My first application i submitted most of the relevant papers but i was foolish enough not to include proof of registration with a relevant board. VFS just took my papers and never told me something was missing.

VFS are just handling agents nothing more nothing less.They take what you give them if its rejected it means more money for them.

When the time came for my appeal i successfully contacted a migration agent who calmed me down and even told me that we could submit the application even after the stated 10 days appeal deadline.

They helped me write the appeal and i submitted my application late January 2016 and only collected the results today the 14th of November.

2.Remember the application is yours and not anyone's so you have to chase it up.After having been told that the home affairs is so inefficient and with my permit expiring i decided to bother them.I send in a couple of emails which were surprisingly answered.Within a month i got a response with regards my outcome.

Do not be afraid to kindly ask them when the application will be processed. 

I might go on and on but i am sure its worth it, if people can share tips and info to make our lives more bearable when we apply.


----------



## jollem (Nov 9, 2016)

Hi Ndanmk

Can you please DM me the email addresses you made follow ups on and got responses?

TIA


----------



## MrTshiko (May 27, 2014)

Could you also please DM or share the emails you sent messages to. 

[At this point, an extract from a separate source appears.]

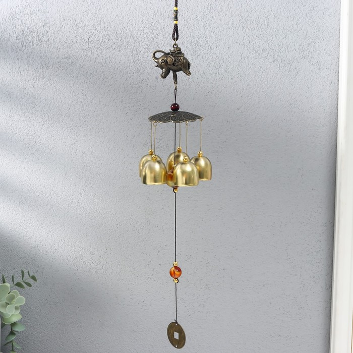 Музыка ветра металл "Слон на монетках" 5 колокольчиков 41х6 см
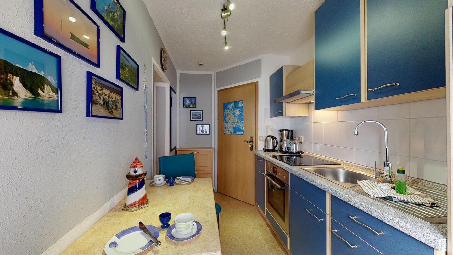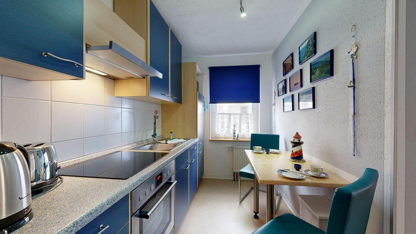 * Küche: Einbauküche mit Ceranherd, Backofen, Mikrowelle, Esstisch für 2 Personen

I submitted my PRP in October 2015 and have yet to get a response.


----------



## ndanmak (Nov 14, 2017)

@Jollem and Mr Tshiko i communicated with Sebolelo Molapo and the email address is as follows 
[email protected]

I just kindly asked them to check on my application since my quota permit was expiring and i was dying of stress because i would lose my job etc.

Just try its not an assurance, but trying never hurts.Does it?Good luck good people.


----------



## MrTshiko (May 27, 2014)

Thank You!!!


----------



## ConJiri (Dec 18, 2017)

Hi Ndanmak

Please could you also DM me with the email address that you corresponded with, would really appreciate it. 

Thank you


----------



## Bookishly (Jan 17, 2017)

Several people have reported quick action on their visas (which had been stuck for months on end) after writing to this email ID: [email protected]


----------